Do Colin and the rest ever quiz Thom about his lyrics?

“No. Thom doesn’t have to explain his lyrics to us as they are really clear.

“These songs are so beautiful and so personal, about who you could be with and the choices you’ve made in your life.

“They’re love songs or songs with the promise of love. They’re emotional songs that relate to people’s lives directly. Everyone falls in and out of love.

“Thom is such an emotionally honest person. He’s either on or he’s not,

“There’s no pretending to put the light on, which is why he’s such an amazing performer.
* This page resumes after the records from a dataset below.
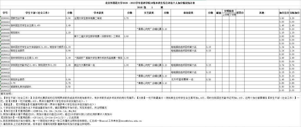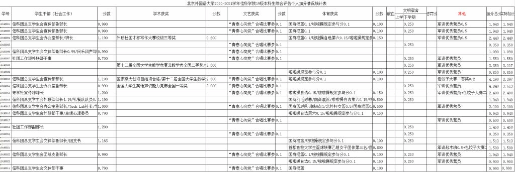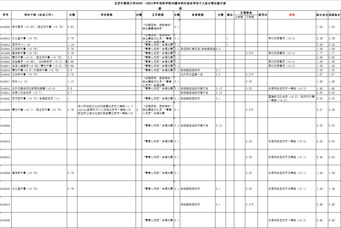 北外2020-2021学年本科生综合评估个人加分名单公示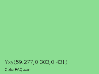 Yxy 59.277,0.303,0.431 Color is a light green color and the nearest color is Light Green #90ee90. Hex code #8bdd92 and RGB value is rgb(139,221,146). In RGB color space, this color is composed of 55% red, 87% green, 57% blue, In CMYK color space, this color is composed of 37% cyan, 0% magenta, 34% yellow , 13% black , In HSL color space, this color has a hue angle of 125° , 55% saturation and 71% lightness.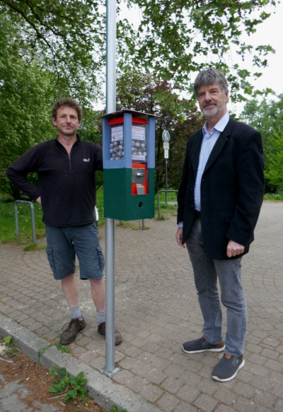 „Für einen Euro kann sich jetzt jeder einen Samenmix aus zertifizierten regionalen Wildblumen aus dem Automaten ziehen, eine Anleitung zum Ausbringen der Mischung liegt bei“, erläutert Oliver Kowalski, der zusammen mit seinem umweltaktiven Cousin Jens Thiel diese Upcycling-Idee nach Lübeck gebracht hat. Dem beharrlichen Einsatz der beiden Initiatoren ist es zu verdanken, dass in Lübeck bereits zwei Automaten aufgebaut sind: Am Haupteingang des Verwaltungszentrums Mühlentor und am Vereinsheim des KGV Mühlentor e.V. in der Dorfstraße. In Kürze werden drei weitere Standorte folgen: Am Museum für Natur und Umwelt, im Eingangsbereich des Kleingartenvereins Lachswehr e.V. und beim Rewe Markt Krummeck.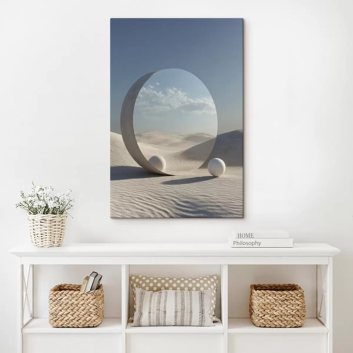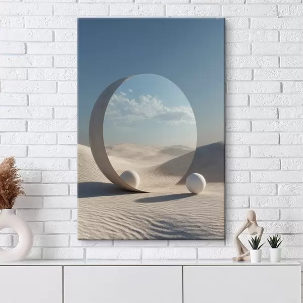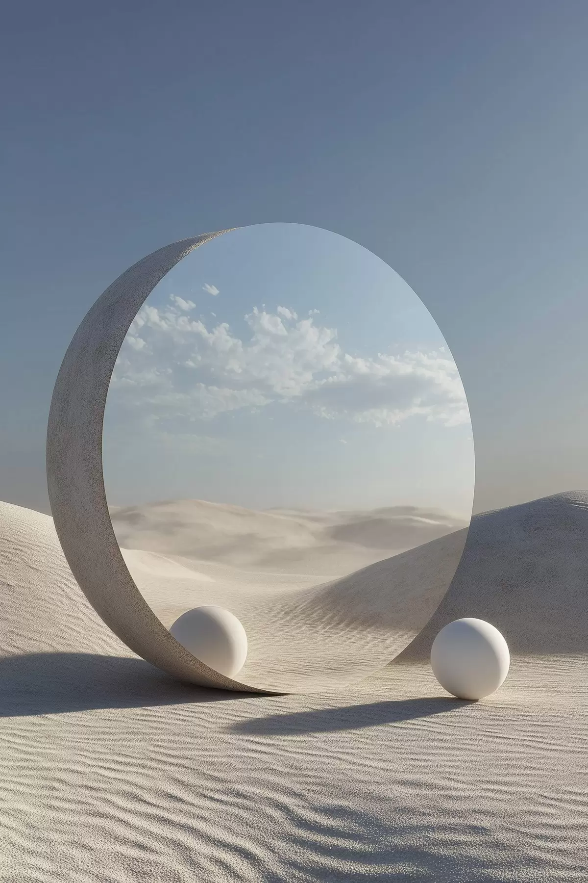 Glezna Sirreāla tuksneša ainava ar apaļu spoguli, kas atspoguļo debesis un mēnesi Nr s44792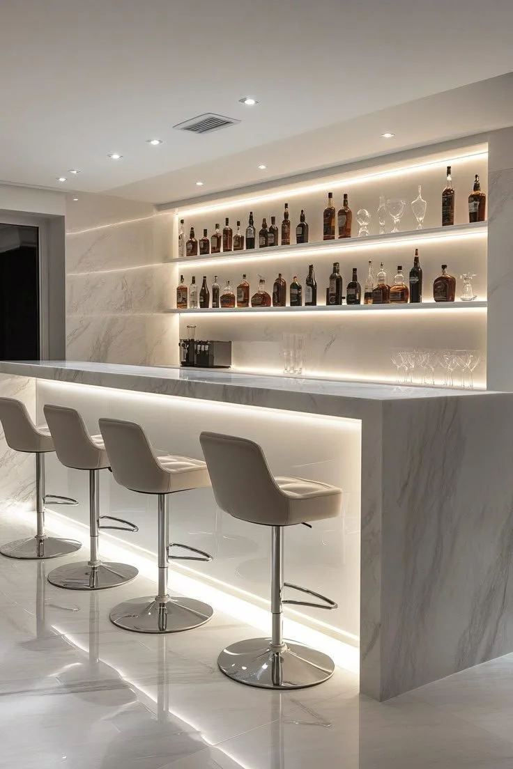 The layout also encourages people to gather without blocking circulation. With seating at the counter and everything within reach, the space works on its own without relying on the kitchen. This kind of setup is often included in custom home interiors Los Angeles, where secondary areas are designed to support hosting without interrupting the main spaces.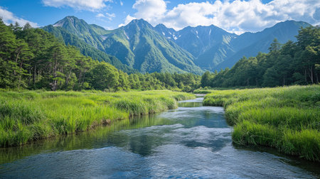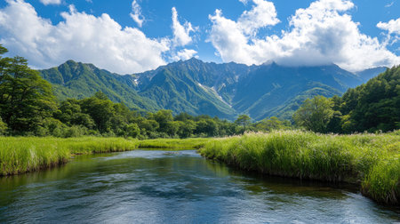 Majestic Hotaka Mountains overlooking the peaceful Azusa River in Kamikachi, surrounded by fresh greenery, capturing the untouched beauty of Nagano's natural landscape.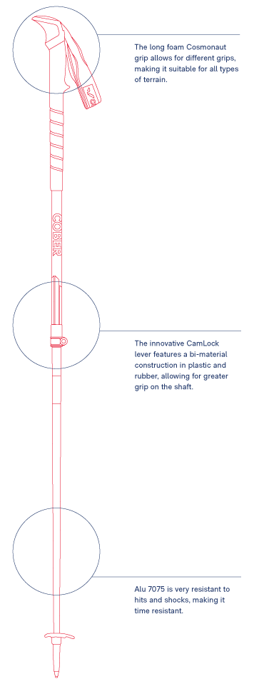Freedom is a pair of adjustable aluminium ski touring ski poles with the innovative CamLock lever, whose bi-material construction allows for greater grip on the tube. Perfect both uphill and downhill! Features a long foam grip suitable for different situations. Dedication. Safety. Freedom. That's ski mountaineering. What are you waiting for?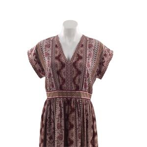 with burgundy, beige and pink floral stripe panels. Design V neck, floral panel waistband. Cap sleeves, side front, modest slit, fully lined, hidden back zipper. Vintage wallpaper was the inspiration behind the pretty blooms that Blossom in color all over this soft Charmeuse Dress Size 8 approximate measurements. Armpit to armpit 19 1/2 inches waist 16 inches length 49 1/2 inches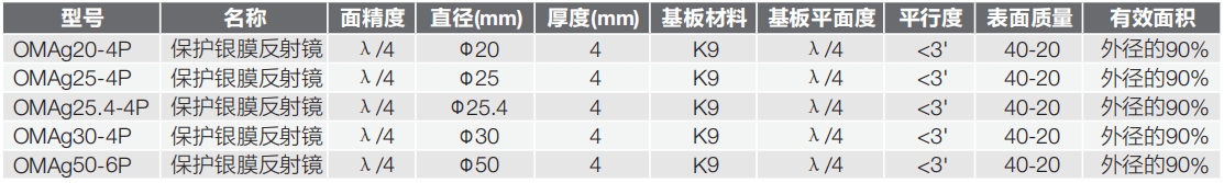 1. OMAg系列保護(hù)銀膜反射鏡

He doesn’t take a back seat and fake the emotions.”

And so in 2007 Radiohead found gold at the end of their rainbow with an album that not only turned the music world on its head, but boasted some of the most gorgeous songs they’d made.

And the good news is there won’t be as long a wait for their next album.

“We’re never going to do it like this again or take as long,” Colin says.

“From now on we know what we’re doing and we have Nigel back. Things look good again.”

In Rainbows — there really wasn’t another album that came close all year.